30分で完成!さつまいも郷土料理「いももち」令和版

もちもちとした食感がたまらない「いももち」は、素朴でやさしい甘さが魅力の一品です。ここでは、手軽に作れるように「市販のお餅」を使った簡単レシピをご紹介します。

蒸したさつまいもをなめらかに潰し、温かいうちに角餅をちぎって加え、弱火でじっくりと混ぜ合わせるだけ。餅がやわらかく溶け、さつまいもと一体になったら、丸めて形を整えます。仕上げにきな粉をたっぷりまぶせば、香ばしさと甘みが引き立ち、どこか懐かしい味わいに。

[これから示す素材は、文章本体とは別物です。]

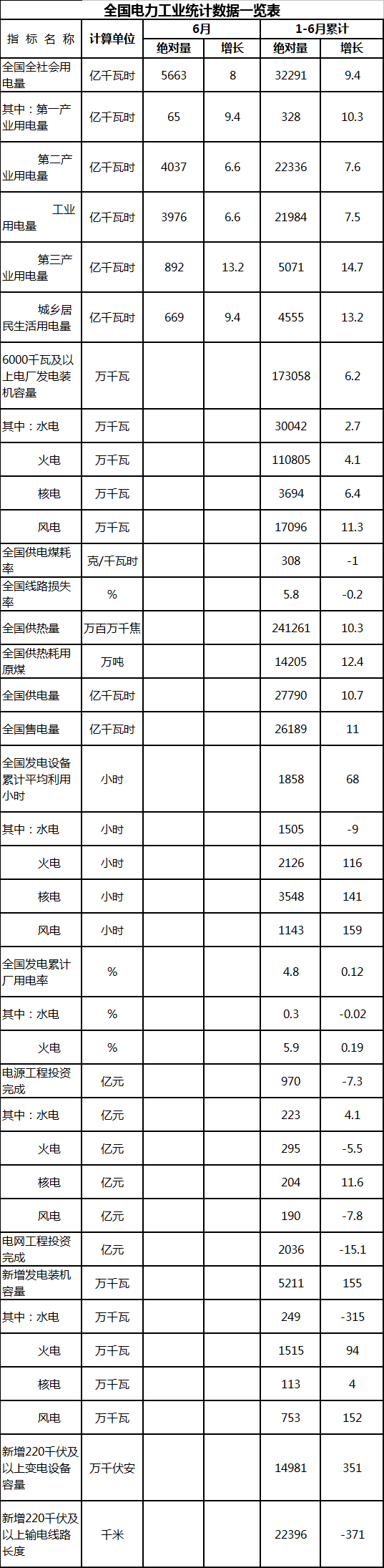 7月23日,国家能源局发布1-6月份全国电力工业统计数据。
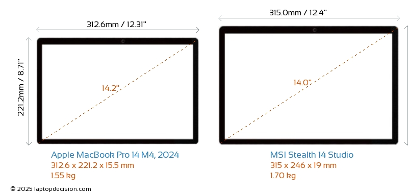 Audio JackBoth MacBook Pro 14 M4, 2024 and Stealth 14 Studio are equipped with a 3.5mm Audio Jack, providing seamless connection to headphones and speakers.

外はもちっと、中はほくっとした食感で、冷めてもおいしくいただけます。時間がない日でもすぐ作れるので、おやつにもぴったり。お餅とさつまいもの自然な甘さが調和した、心温まる家庭の味をぜひお試しください。

さつまいもとお餅で作る「いももち」

【 材料 】

  • さつまいも 約210g(中1本)
  • 餅(市販)70g
  • あんこ・きな粉(市販)適量ずつ

さつまいもと餅の割合は、3:1くらいが良いという

引用:農林水産省 うちの郷土料理「からいもねったぼ 鹿児島」より

※さつまいもと餅の分量は、農林水産省サイトを参考にしました。

【 アレンジした作り方 】

  1. さつまいもを洗い、皮をむく
  2. さつまいもを小さくカットして、耐熱容器に入れる
  3. ふんわりラップして500Wレンジ7分加熱する
  4. 加熱したさつまいもをマッシュポテト状につぶす
  5. 餅を小さめにカットして水でぬらした後、耐熱容器に入れる
  6. ふんわりラップして500Wレンジ約50秒~1分加熱する
  7. 麺棒などを利用して、柔らかくなった餅とサツマイモがなじむように突いたり混ぜたりする※餅がくっつかないように、ときどき麺棒の先を水でぬらす
  8. 餅がくっつかないように、ときどき手を水でぬらしながら7の餅を丸める※好みで餅の中にあんこを入れて丸める
  9. 仕上げにきな粉をまぶし、皿に盛りつける

まとめ

さつまいもを使った郷土料理まとめ

食欲の秋になると、ほくほくと甘いさつまいもが恋しくなりますよね。各地のさつまいも料理を食べ比べながら、その土地ならではの味や文化に触れてみるのも、この季節ならではの楽しみ方です。旅好きの方や歴史に興味がある方は、ぜひ本場で伝統の味を堪能してみてください。きっと、地域ごとに異なる風味や食感の違いから、新しい発見があるはずです。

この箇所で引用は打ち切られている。